Visiting Orchestras, Polish Exiles and a Brass Band

music festival

Gail Wein
April 30, 2019

Flowers burst into bloom, trees are green and skies are blue. It’s May in New York City and live performances abound.

Visiting orchestras from around the country bring exciting programs to our fair city. The Pittsburgh Symphony comes to Lincoln Center on May 19. Though you may not think of Pittsburgh as a hotbed of orchestral music the conductor Manfred Honeck and the pianist Till Fellner (performing Beethoven’s “Emperor” Concerto) are as good as it gets. Coming up the pike from Washington DC, the National Symphony Orchestra and its music director Gianandrea Noseda bring two beefy, rarely heard works to the Carnegie stage, Rossini’s “Stabat Mater” and the “Dante Symphony” by Liszt, also on May 19. Michael Tilson Thomas leads the New World Symphony – an astoundingly superb training ground for post-graduate orchestral musicians – in two programs at Carnegie Hall. May 1 features the indominable pianist Yuja Wang in Prokofiev’s Piano Concerto No. 5, and May 2 showcases music by Schubert alongside compositions by MTT himself.

The prolific Polish-Jewish composer Mieczyslaw Weinberg would be turning 100 this year, and one of the celebrations of his centennial is on May 19 (yes, there seem to be many concerts happening on this same day), at Stephen Wise Free Synagogue. The program features Weinberg’s “24 Preludes for Solo Cello” and Modest Mussorgsky’s “Pictures at an Exhibition”. Music by another composer exiled from his native Poland, Karol Rathaus, will be highlighted at Carnegie’s Weill Recital Hall on May 3. In his Carnegie debut, the pianist Daniel Wnukowski performs Rathaus’ music alongside works by Handel and Chopin.

A terrific program on May 8 puts the music of Harry Burleigh in context in a program that also includes compositions by William Grant Still and Florence Price. Urban Playground Chamber Orchestra performs this program of works by African-American composers at the Schomburg Center for research in Black Culture in Harlem. And finally, in the category of not-quite-classical-but-it’s-classical-to-me, the Rebirth Brass Band brings their vivacious rhythms up from New Orleans for a crowd-pleasing show at Symphony Space on May 11.

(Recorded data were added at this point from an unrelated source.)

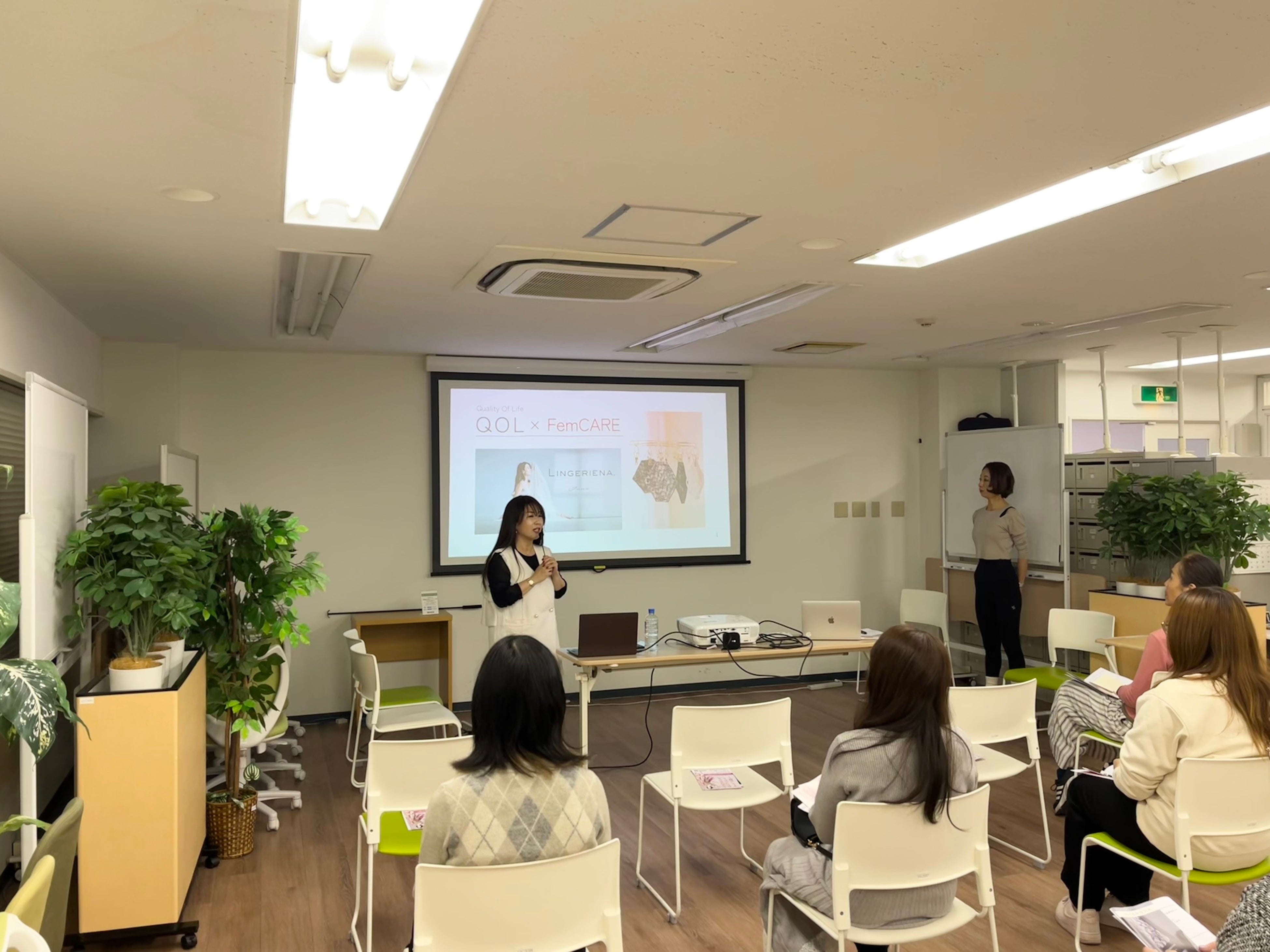 JUNA株式会社 代表取締役 安藤淳子氏からは、女性のQOL向上のためのフェムケア知識について紹介があり、「自分の体に目を向け、必要なフェムケアアイテムを取り入れていくことで、より心地よく日常を過ごすことができる」といったメッセージが伝えられました。また、自身の体験談を交えた説明により、LINGERIENAの機能性にも関心が集まりました。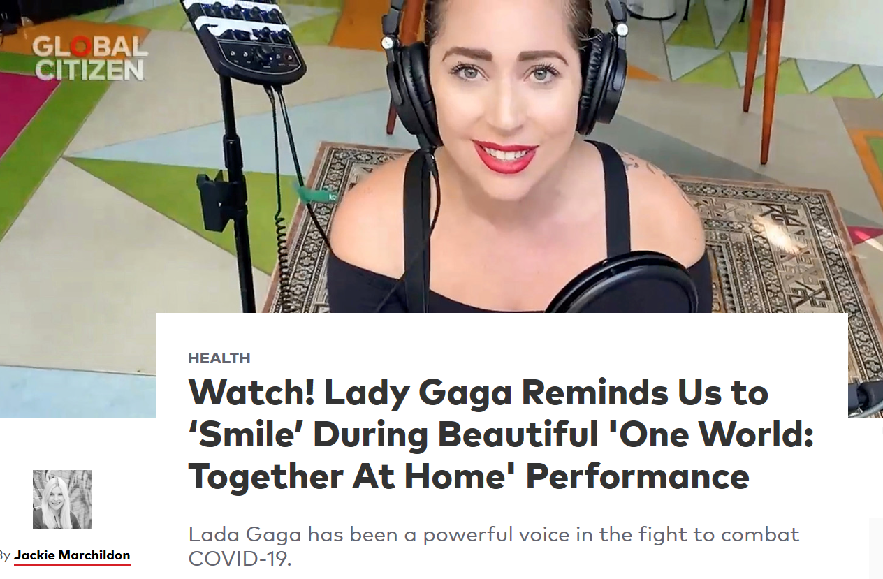 疫情來襲,由美國女歌手Lady Gaga策劃發起與世界衛生組織WTO聯合國際公益組織Global Citizen 於4月18日舉辦,一場連續8小時名為“ One World: Together At Home “的隔空演唱會刷爆全球各大社交網站。全球頂級明星響應抗疫義演,截至目前已籌集了近1.3億美元的善款。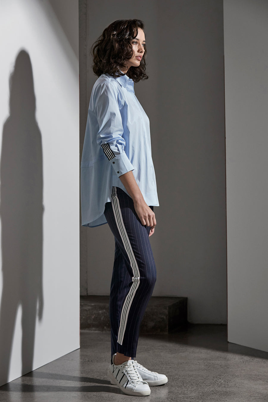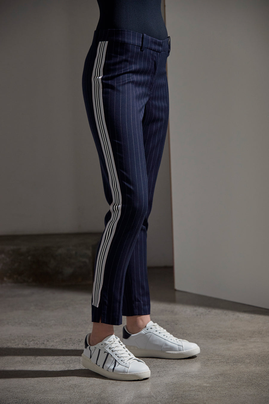 A dressy pant; slim leg with hem split; featuring novelty tape at outleg; contrast stripe waistband facing for extra comfort.

Enjoy the flowers, the blue skies AND the live music!

Keyboard Fans: we’ve got you covered!

Violin Key spring

Gail Wein
March 31, 2019

April showers brings….lots of phenomenal pianists to stages all around New York.

First off, there’s “In Visible Roads”, co-hosted by Metropolis Ensemble & BLUEPRINTS Piano Series. This brand-new innovative festival brings together top-notch pianists from both the classical and jazz disciplines, paired with other instrumentalists and composers. The result is a bouquet of eclectic programs with a stimulating array of music. The series is already underway, and April performances include RighteousGIRLS (Gina Izzo, flute & Erika Dohi, piano) performing selections that make use of multi-track layering and improvisation (April 2), Lisa Moore, one of the best contemporary classical pianists in existence (April 11), Aaron Diehl, one of the most versatile jazz pianists around (April 17), and several other intriguing programs. All of the performances are at Metropolis’s space on Rivington Street in lower Manhattan. Tickets available at Metropolis’s website and at the door.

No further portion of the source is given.